Распрощались бы они так ни с чем, и ломать бы голову бедняге, как к Джанерти идти с ответом, в ГПУ – решил бесповоротно – только под конвоем, но заявился дотошный Ширинкин. Участковый надзиратель ступил на порог Камытина не один, подталкивал перед собой двух огольцов-оборвышей малолетних. Объявил, что пугнул ватагу беспризорников проверить подвалы в заброшенных развалюхах, а те наткнулись на висельника, по описаниям – вылитый Лихомер. Трогать оборванцы его побоялись, вонь вокруг, мухота облепила покойника.
– Что ж ты вылупился на меня? – остудил пыл рапортовавшего Ширинкина Камытин. – Не знаешь, что делать?
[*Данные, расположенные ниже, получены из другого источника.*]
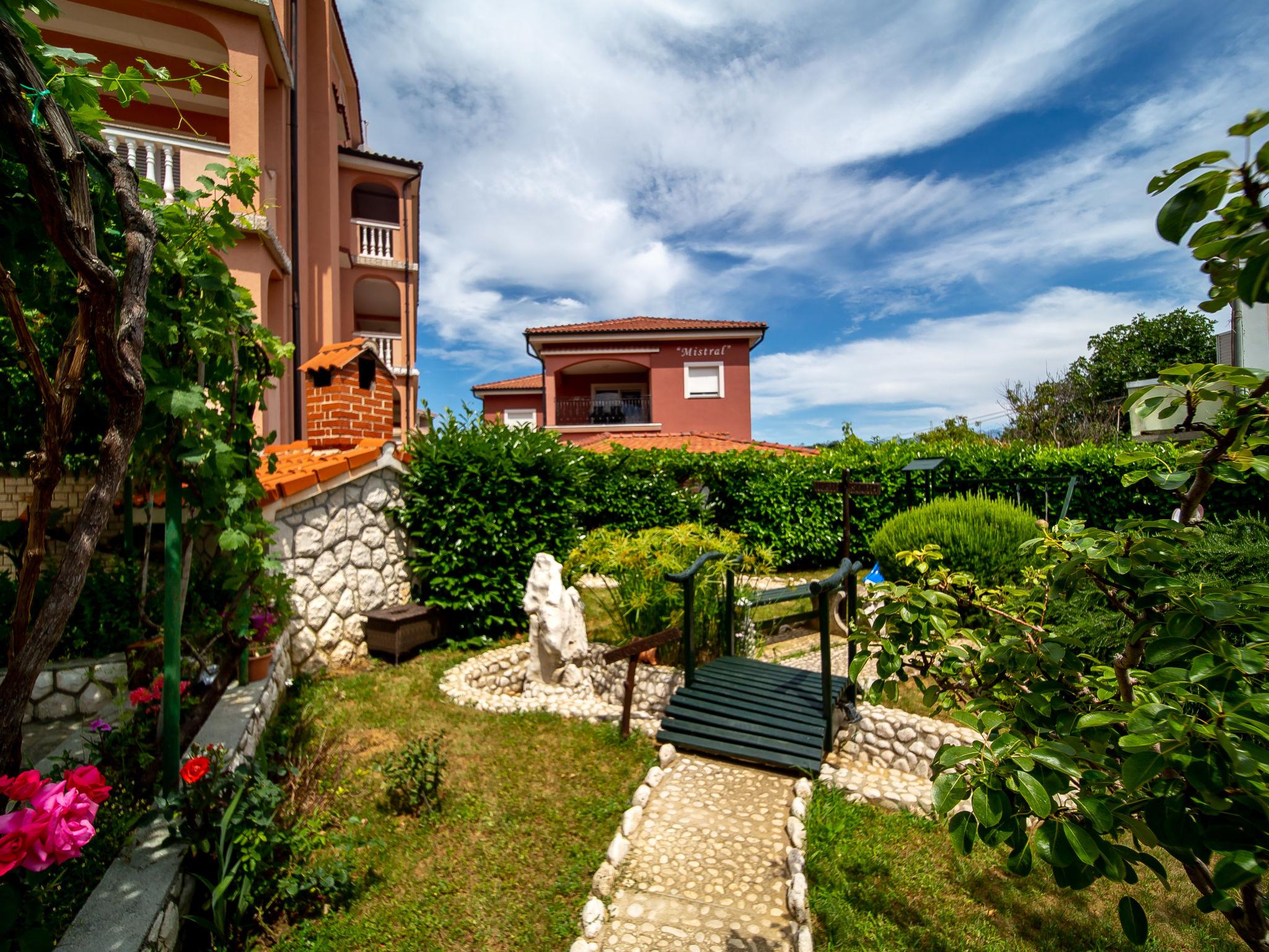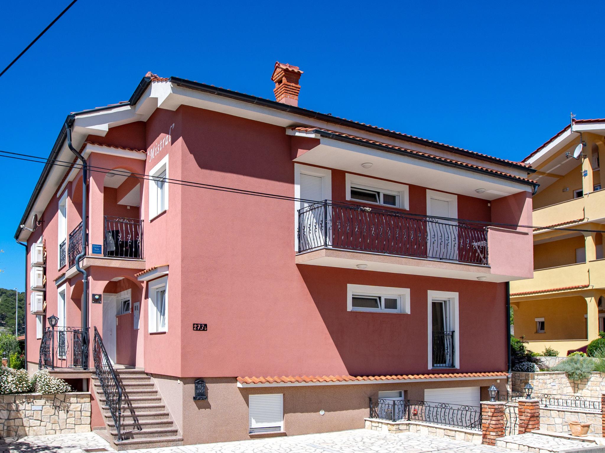 Apartment house "Mistral". 300 m from the centre of Lopar, 13 km from the centre of Rab, 350 m from the sea, 350 m from the beach. For shared use: property 586 m2, garden 20 m2 flowers and trees. Terrace (70 m2), garden furniture, barbecue. In the house: internet access, washing machine (extra), tumble dryer (for shared use, extra). Breakfast on request (extra). Parking at the house on the premises. Shop 350 m, supermarket 250 m, restaurant 100 m, café, bus stop 150 m, ferry 1.5 km, sandy beach 350 m. Please note: private mooring (extra) on request.
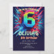 Invitación 6th Birthday Boy Pixel neon Invitation
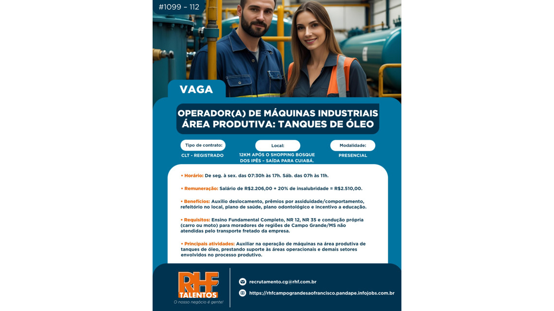 Operador(a) de Máquinas Industriais | Área produtiva: Tanques de Óleo #1099 - 112
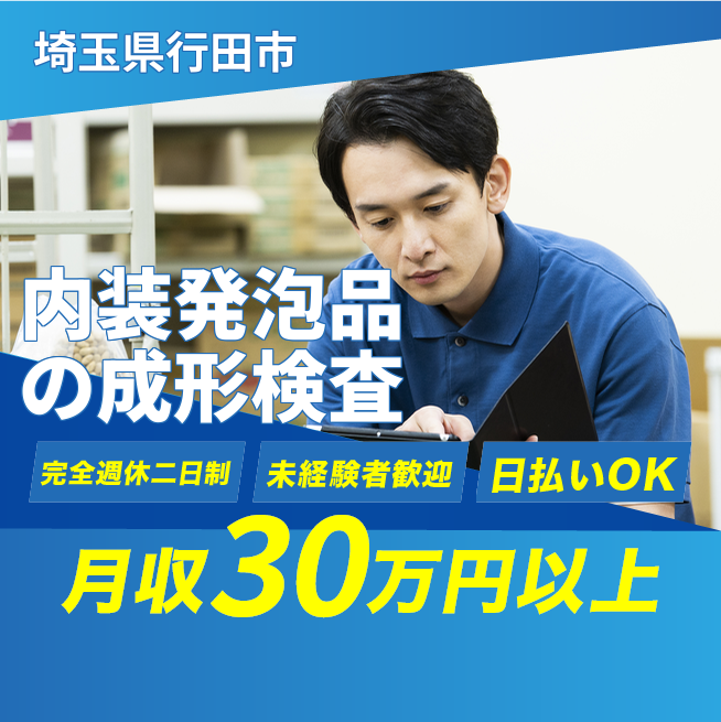 給与詳細 月収例 303,000円 日給例 11,600円 勤務地 埼玉県行田市 仕事内容 【自動車内装製品の樹脂発泡品やフロアカーペット等の製造・検査・梱包及びその他付帯業務】
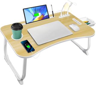 Pratica scrivania pieghevole in legno, perfetta da usare sul divano o sul letto. Il suo design permette di adattarla a diverse altezze e angoli. Realizzata in bambù e legno, con superficie con fori per la ventilazione. Gambe pieghevoli per un facile stoccaggio e regolabili a diverse altezze. Cassetto laterale per il deposito.
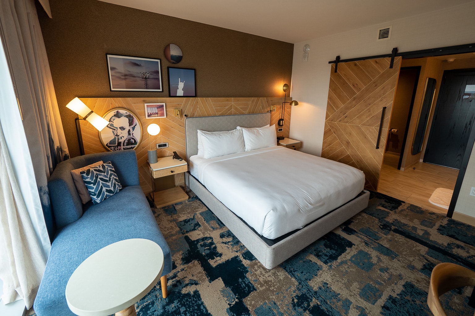The bedroom is separated from the bathroom by a sliding barn door. The bedroom has a much more noticeable style than the bathroom, with wooden panels pointing every which way on the headboard and sliding door.

– Нам-то зачем это дело? – сообразительный Ширинкин враз потускнел с досады. – Сообщу жинке, пусть хоронит. Неужто главного их в медэкспертизе Курдюма[5] подымать? Небось сама и довела мужика.
– А криминал?! – сдвинул брови Камытин. – Под монастырь вздумал меня подвести? Им же в прокуратуре интересуются!
– Тогда что ж?.. Сразу б и сказали, – смутился участковый. – Вот напасть на мою голову! В Мариинку[6] свезти окаянного?
– Готовь мужиков да телегу и отправляйся с пацанвой к трупу, – поморщился Камытин. – Дам знать Джанерти, капризный он человек, может, свои намерения имеет…
У трупа оказались все: Джанерти с Камытиным, Ляпиным, с судебным медиком Дудкиным – на автомобиле прокуратуры, следом Ширинкин с Узилевским – на пролётке, телега с мужиками и пацанвой для перевозки тела – с запозданием.
Натянув резиновые перчатки, простуженный, постоянно кашлявший Дудкин, согнав мух, первым делом сунулся в карманы и недаром: тут же вытащил на свет бумагу и подал её Джанерти со значительным видом.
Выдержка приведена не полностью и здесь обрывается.